# Abstand Motorschraube - Echolotgeber?



## Broiler (1. März 2008)

Hallo, ich habe mal folgende Frage: Ich will mir für ein Kanu eine Motorhalterung für E-Motor bauen und wollte auf der anderen Seite gleich einen Echolotgeberstangenhalter anbauen. Damit wäre der Abstand zwischen Motorschraube und Geber etwa 60-80 cm. Ich habe öfter von Problemen bei Verwirbelungen des Wassers durch die Schraube gelesen. Wäre das in meinem Fall möglicherweise auch ein Störfaktor für eine gute Darstellung, also sprich: sollte ich den Geber lieber doch weiter weg montieren?
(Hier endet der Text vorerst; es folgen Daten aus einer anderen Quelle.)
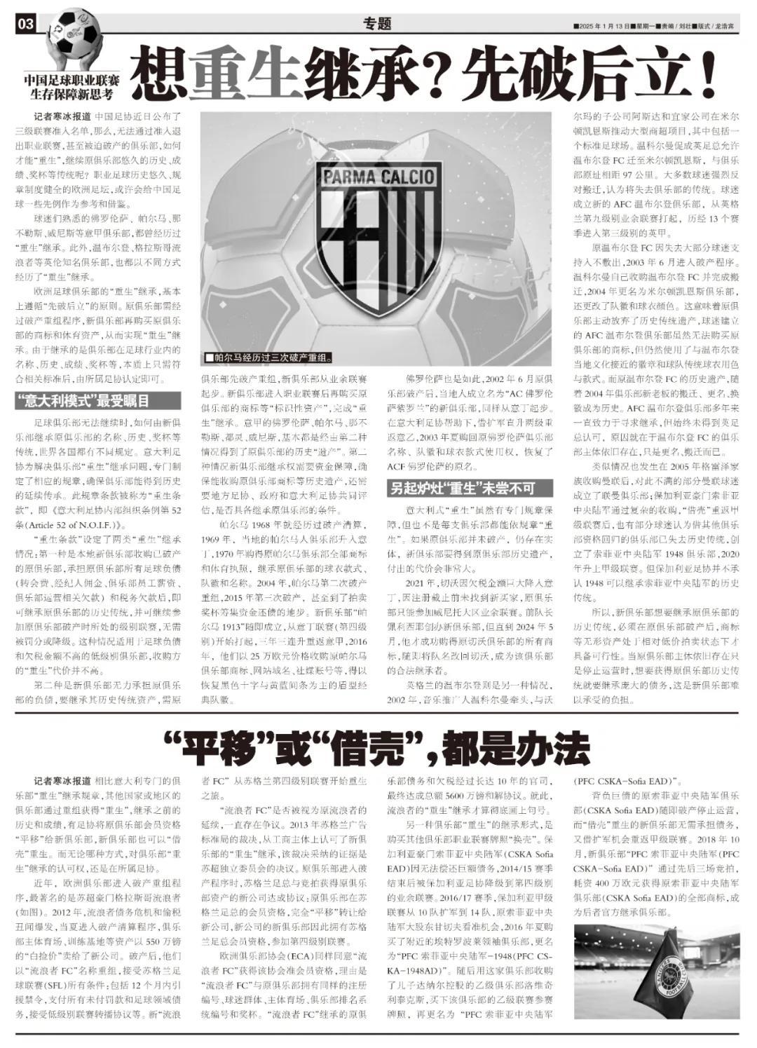 相比意大利專門的俱樂部“重生”繼承規章,其他國家或地區的俱樂部通過重組獲得“重生”,繼承之前的歷史和成績,有足協將原俱樂部會員資格“平移”給新俱樂部,新俱樂部也可以“借殼”重生。而無論哪種方式,對俱樂部“重生”繼承的認可權,還是在所屬足協。
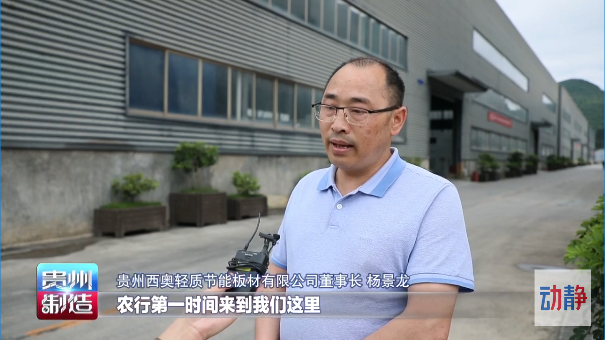 贵州西奥轻质节能板材有限公司董事长杨景龙告诉记者,农行第一时间来到我们这里,为我们伸出援手,在很短的时间内(就将)资金给我们补充到了企业,使我们的经营生产得到了解决。就目前而言,我们整个生产、整个运转都是正常的。我们非常有信心,在接下来增大我们的产能。

Danke für Eure Hilfe - Broiler#h


----------



## Fishhook (1. März 2008)

*AW: Abstand Motorschraube - Echolotgeber?*

Da es Anbausätze für den Geber am E-Motor gibt, wird es sehr wahrscheinlich keine Störungen geben.
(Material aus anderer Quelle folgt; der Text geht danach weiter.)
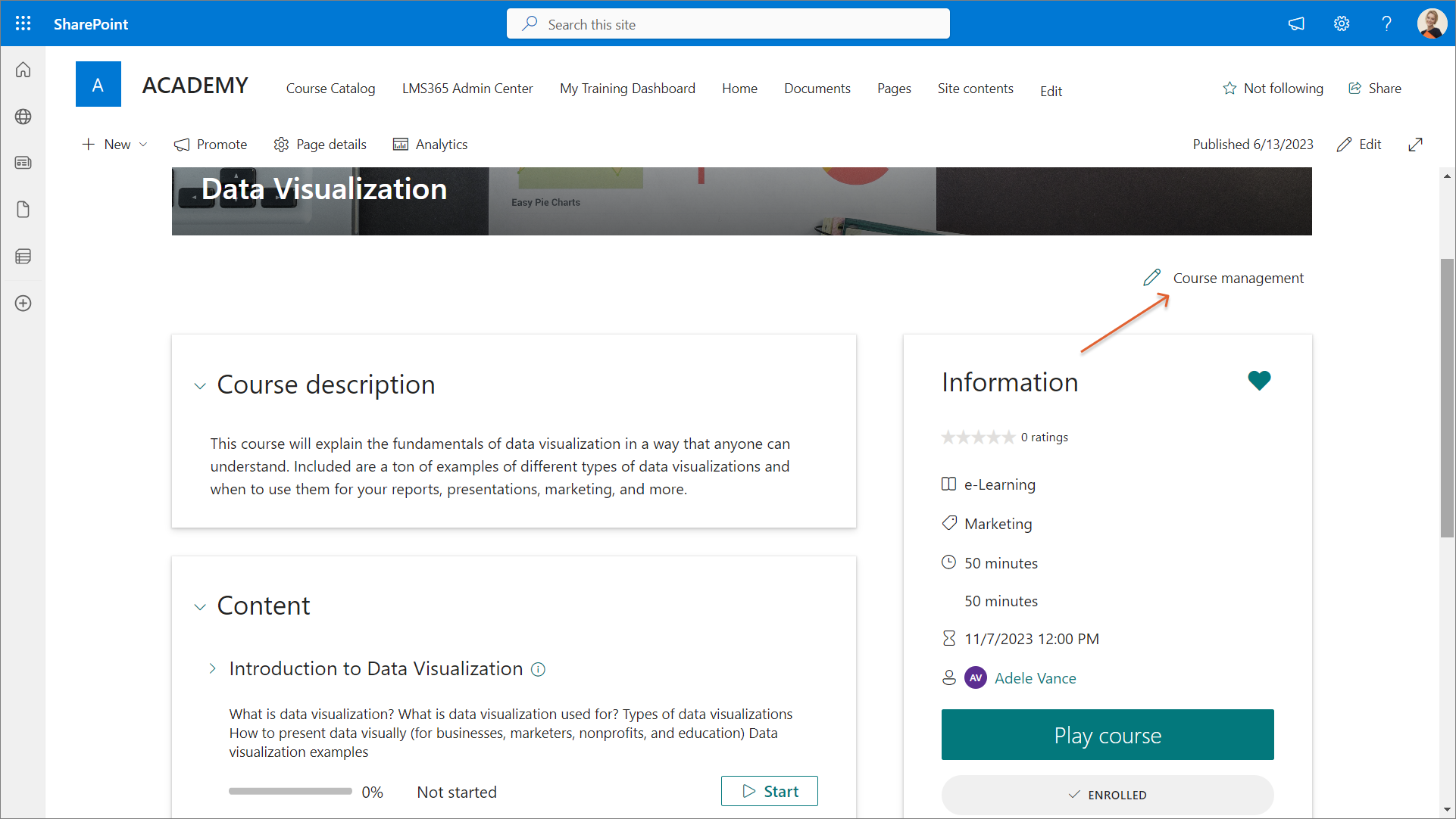 The View Course action link redirects you to the course home page, where you can view how the course description, information, and content is presented to users.

Siehe hier...http://www.allroundmarin.com/katalog/pdf2008/HB2008_12_ZB.pdf


----------



## gründler (1. März 2008)

*AW: Abstand Motorschraube - Echolotgeber?*

hi
Gibt keine Probleme mein geber sitzt 30cm neben dem Motor,ob nun E oder Benzin Motor bei mir gab es noch keine Probleme,besitze ein x135 und nen x510c.
lg


----------